Возвышающий обман — кончаловский андрей сергеевич, стр. 3
Либо возвышающий обман может принимать вид искренних слез благодарности в ответ на нахальный подхалимаж, на бесцеремонную лесть. Когда мамы хвалят ее малыша, это нередко ересь, но мама всегда готова веровать! Это обезоруживает. Людям охото казаться лучше, чем они есть по сути.
Влюбленность – тоже обман. Либо самообман. Мы влюблены до того времени, пока обманываем себя, идеализируем объект наших эмоций. А идеализация – это исключение негативных черт, другими словами возвышающий обман. Влюбившись в даму, мы лицезреем ее безупречной, а позже, когда любовь проходит, не только лишь уродкой, но монстром, чудищем, что, очевидно, неправда. Это тоже иллюзия.
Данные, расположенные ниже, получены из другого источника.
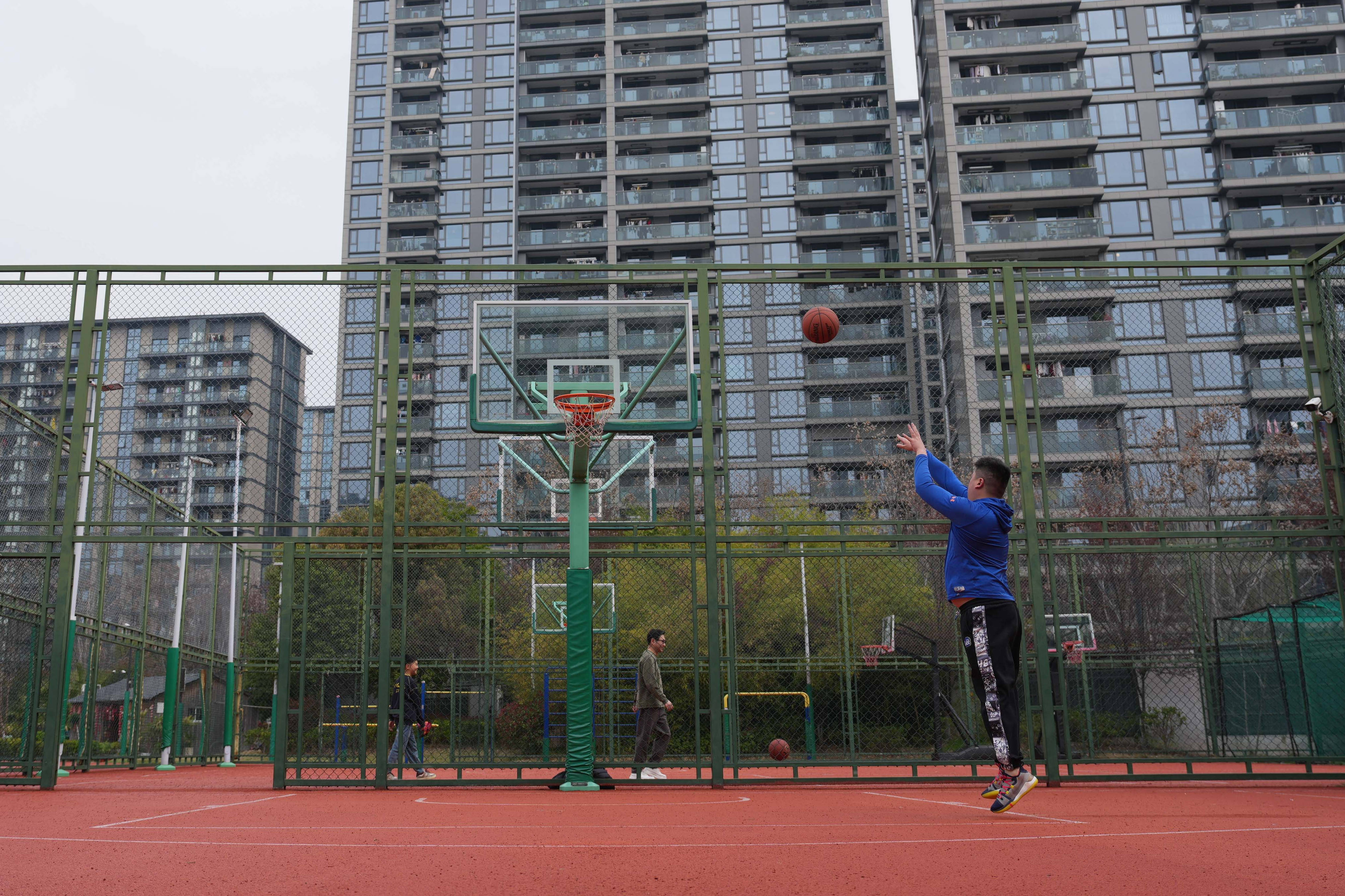 3月21日,市民正在(zai)杭州育才登(deng)云小学运动场地打篮球。浙江杭州积(ji)极推动学校体育设施有序向社(she)会开放,不断织密下层体育服务收集(ji)。 新华(hua)社(she)记者 黄(huang)宗治 摄
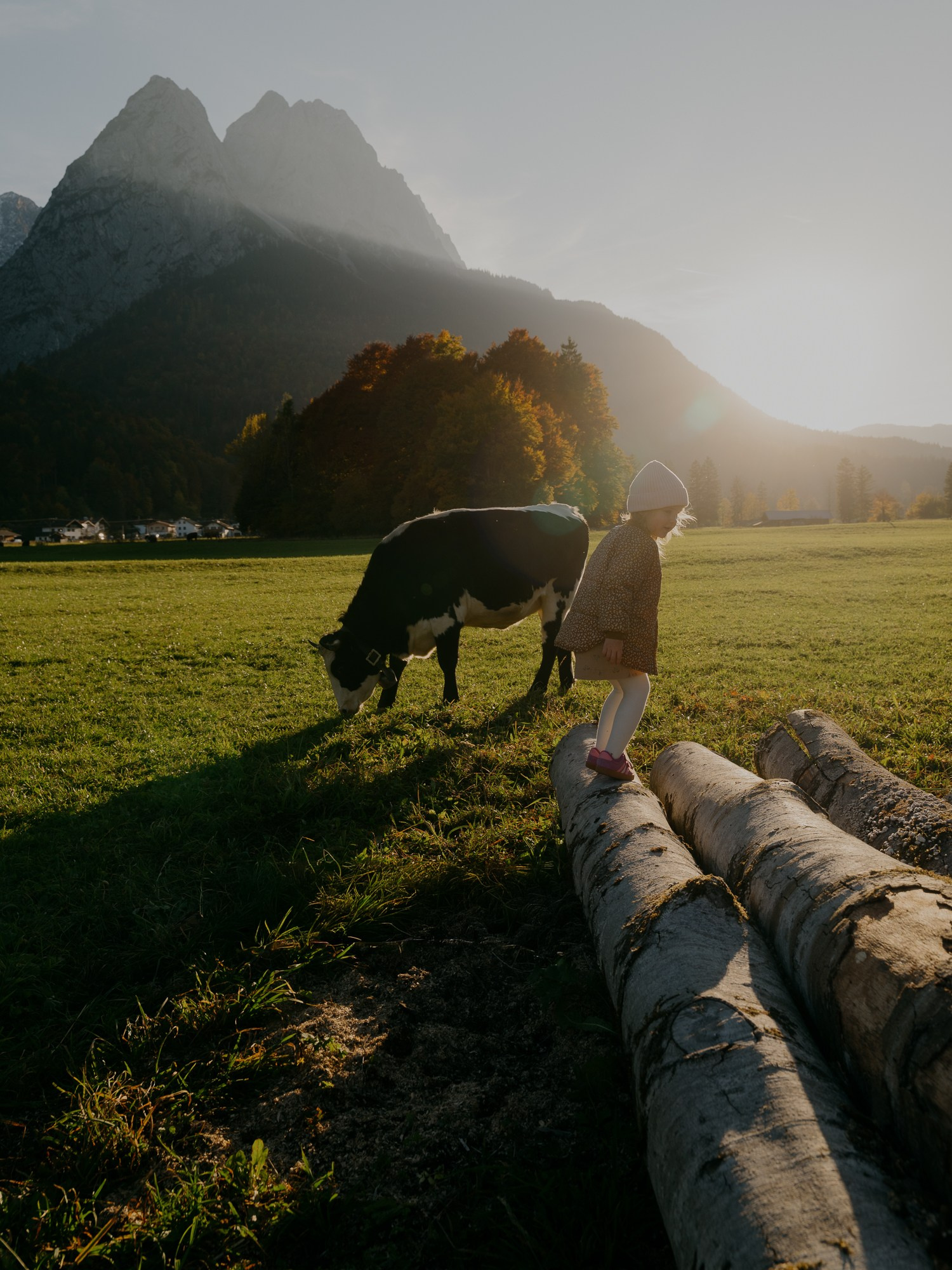 Olena followed me on social media and my works inspired her for family session in Bavarian Alps. I quickly found idea and location and we made it on very wonderful day in this soft and autumn light with maple trees, cows and mountains in the background. Final photos came out with rustic and cozy touch and I absolutely loved working with kids, so much fun!
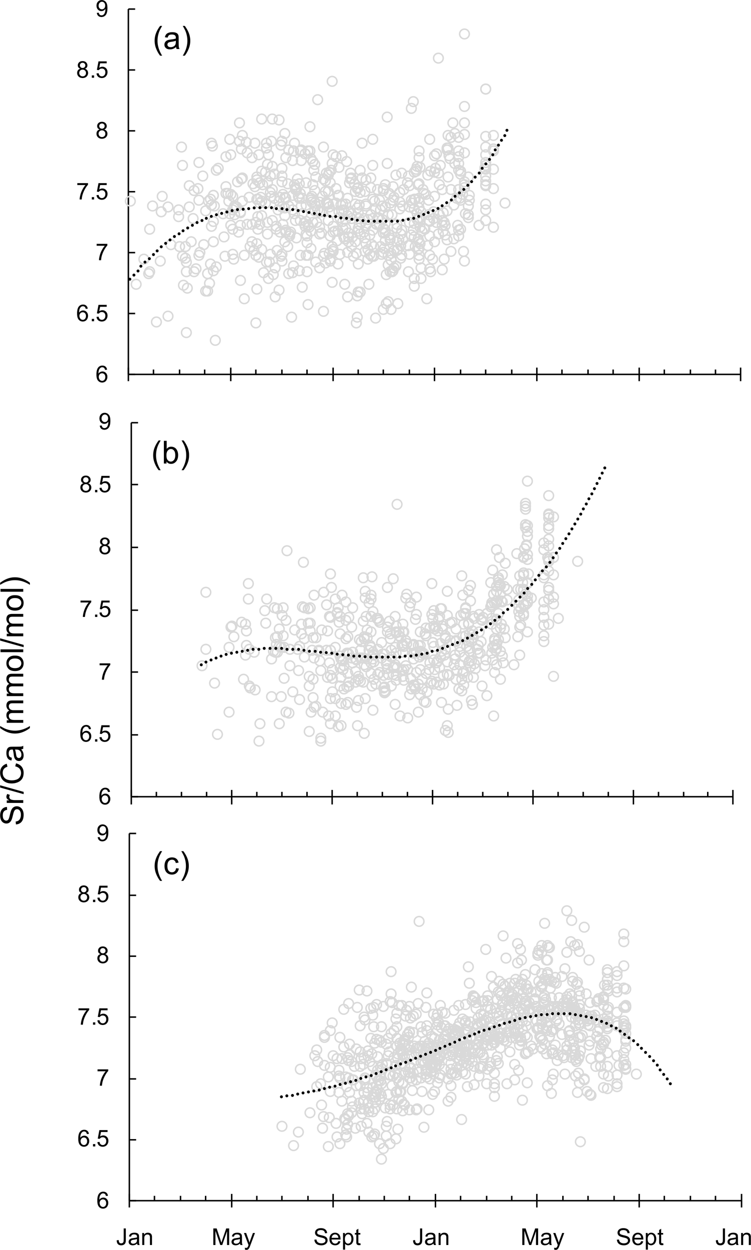 Furthermore, data of Sr/Ca ratios from the nucleus to the rostrum edge were applied to reflect the experienced environment of each mature individual throughout all life stages. The sample size, hatching period, age range, and ML range of mature individuals applied in establishing Sr/Ca ratio life trajectory for each spawning group were listed in the Table 3. Since age determination and trace elemental analysis were conducted on each of the two statoliths for each individual, the age interval of each individual was calculated by dividing the age of the individual by the number of its statolith ablation spots minus one. For each spawning group, a life trajectory of Sr/Ca ratios was established: estimated age at each ablation spot of mature individuals was used as independent variable, and the corresponding Sr/Ca ratio in the transect from nucleus to the rostrum edge as dependent variable. Polynomial models with different degrees from two to six were tested and compared using AIC (Akaike information criterion) to find the fit model for Sr/Ca ratio trajectories. A biquadratic polynomial function with a degree of four was selected because the AIC values polynomial models with a degree between four and five showed small differences, and we found it sufficient to describe the relationship between Sr/Ca ratio and its corresponding age while not overfitting.

Любовь, естественно, не тождественна влюбленности. Можно обожать человека и со всеми его недочетами, можно даже недочеты принимать как плюсы.
Любовь как определение чувства тоже исторически появилась как метаморфоза плотского влечения, равномерно соединяясь с началом духовным. Позднее, в христианском мире, все, относящееся к плоти, объявлялось греховным и поэтому нуждалось в духовном противовесе, в возвышении чувства, в придании ему некоторого божественного начала, воспаряющего над грехом вожделения. В странах Востока любовь идеализировалась обожествлением сексапильного акта, как такого. «Кама сутра», известнейший из трактатов о любви, призывал узнавать ее потаенны, совершенствоваться в технике соития, позволяющей открыть высшие формы жизни духа.
Самый возвышающий из всех возвышающих обманов – искусство.
Не многие из живописцев ставили собственной целью привести человека к депрессии. В разговоре с искусством человек желает обрести надежду. Искусство без надежды не завлекает его. Не говорю о катастрофы; надежда, которую дает она, не в обретенном героями счастье, а в утверждении силы людского духа, готовности на погибель во имя правды. К надежде катастрофа ведет через катарсис. Но большая часть зрителей предпочтет площадную комедию высочайшей катастрофы: ее путь к надежде еще более прост, очевиден и всем понятен. Человек вроде бы высится духом без издержки духовных усилий.
Ну, конечно, кино тоже обман. Величавый обман. Эйзенштейн, как говорят, обожал начинать свои лекции с того, что кино – обман по собственной природе. Человек задумывается, что ему два часа демонстрируют кино, а ему половину сих пор демонстрируют черную шторку, перекрывающую объектив проектора, пока грейфер ставит перед ним последующий кадрик. Но это, так сказать, обман технологический. Дело техников: как одурачить зрителя, чтоб движение имело иллюзию реального. Дело художника: как одурачить зрителя, чтоб сыгранные чувства они приняли за подлинные, поверили в правду мира, рожденного авторским воображением.
В этой книжке, продолжающей «Низкие истины», я возвращаюсь снова к началу собственной биографии, сейчас биографии творческой, говорю о собственных фильмах, планах, сценарных проектах, работе в театре и даже в площадном искусстве.
Обычно, мы убеждены, что мир является таким, каким мы его лицезреем. Нам редко приходит в голову идея: «А может быть, все, что я вижу, на самом деле совсем не так?» Наши заблуждения часто проистекают из веры, убеждений, а вера, пусть и не соответственная правде, дает энергию. Толстой называл это «энергией заблуждения».
Художнику свойствен некоторый эталон, а эталон – это уже само по себе вещь мистическая. Достоевский гласил, что, если б пришлось выбирать меж Христом и правдой, он бы остался с Христом. Другими словами, ему все равно, как его эталон отвечает правде. Лучше заблуждение, если оно дает внутреннюю опору, становится путеводной звездой, компасом. Не принципиально, придем ли мы к цели; главное – не сбиться с пути.
Эталоны и есть возвышающий обман. Любые эталоны. В силу уже 1-го того, что они эталоны.